Pictures found in the material must be left out, and every line returned as written.

### STORED DATA

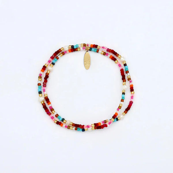 The Merah Beaded Shell Bracelet is made with glass seed beads and shimmering troca shell beads on an elasticated cord. A double-layer bracelet with warm tones of maroon and pink.
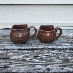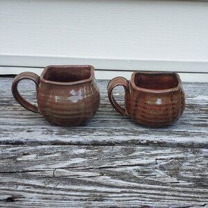 There is a big and small mug. They are handmade and stamped. They are so cute and unique. Awesome condition. One is 3 inches tall and the other 2 inches tall.Comes from a non-smoking house.
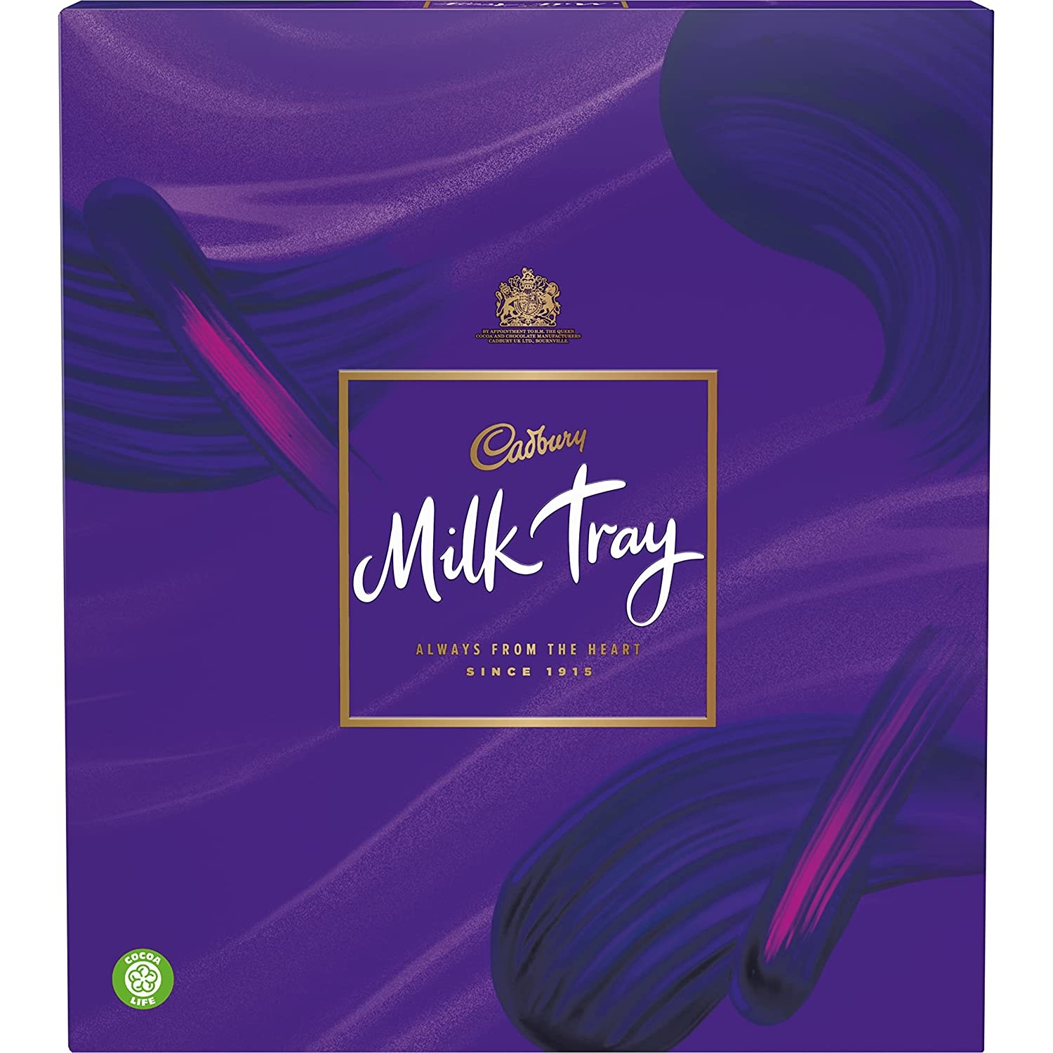 A selection of delicious Cadbury chocolates in a double-layered Milk Tray Box. Each Layer contains 17 indvidual chocolates: 2x Salted Caramel Charm; 2x White Truffle; 2x Fudge Duet; 2x Hazelnut Swirl; 2x Orange Truffle; 2x Honey Crunch; 2x Perfect Praline; 1x Caramel Softy; 1x Truffle Heart; 1x Raspberries & Cream
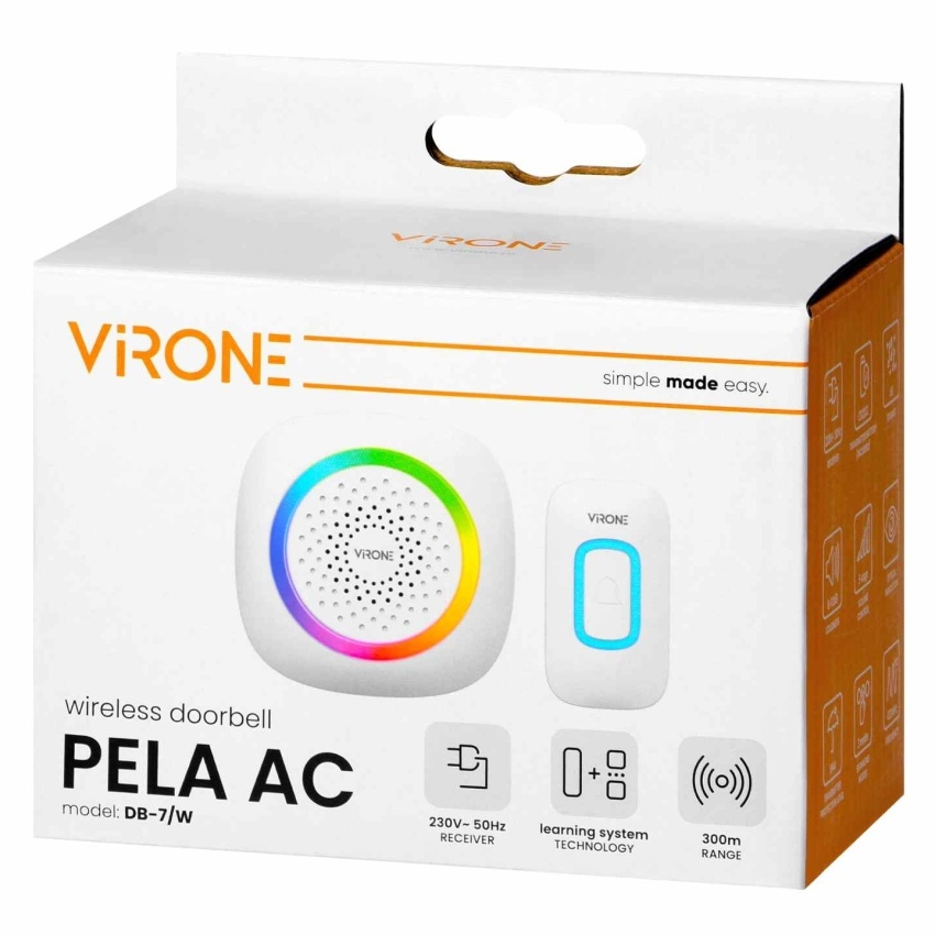 Zvonek ORNO PELA AC nabízí bezdrátový provoz na baterie s dosahem až 300 metrů. Disponuje 60 melodiemi a LED RGB osvětlením pro vizuální signalizaci. Samoučící funkce umožňuje snadné spárování přijímače a vysílače. Design v bílé barvě doplňuje moderní vzhled a praktické využití v domácnostech i kancelářích.

######

**RESULT OF THE EXERCISE**
 The Merah Beaded Shell Bracelet is made with glass seed beads and shimmering troca shell beads on an elasticated cord. A double-layer bracelet with warm tones of maroon and pink.
 There is a big and small mug. They are handmade and stamped. They are so cute and unique. Awesome condition. One is 3 inches tall and the other 2 inches tall.Comes from a non-smoking house.
 A selection of delicious Cadbury chocolates in a double-layered Milk Tray Box. Each Layer contains 17 indvidual chocolates: 2x Salted Caramel Charm; 2x White Truffle; 2x Fudge Duet; 2x Hazelnut Swirl; 2x Orange Truffle; 2x Honey Crunch; 2x Perfect Praline; 1x Caramel Softy; 1x Truffle Heart; 1x Raspberries & Cream
 Zvonek ORNO PELA AC nabízí bezdrátový provoz na baterie s dosahem až 300 metrů. Disponuje 60 melodiemi a LED RGB osvětlením pro vizuální signalizaci. Samoučící funkce umožňuje snadné spárování přijímače a vysílače. Design v bílé barvě doplňuje moderní vzhled a praktické využití v domácnostech i kancelářích.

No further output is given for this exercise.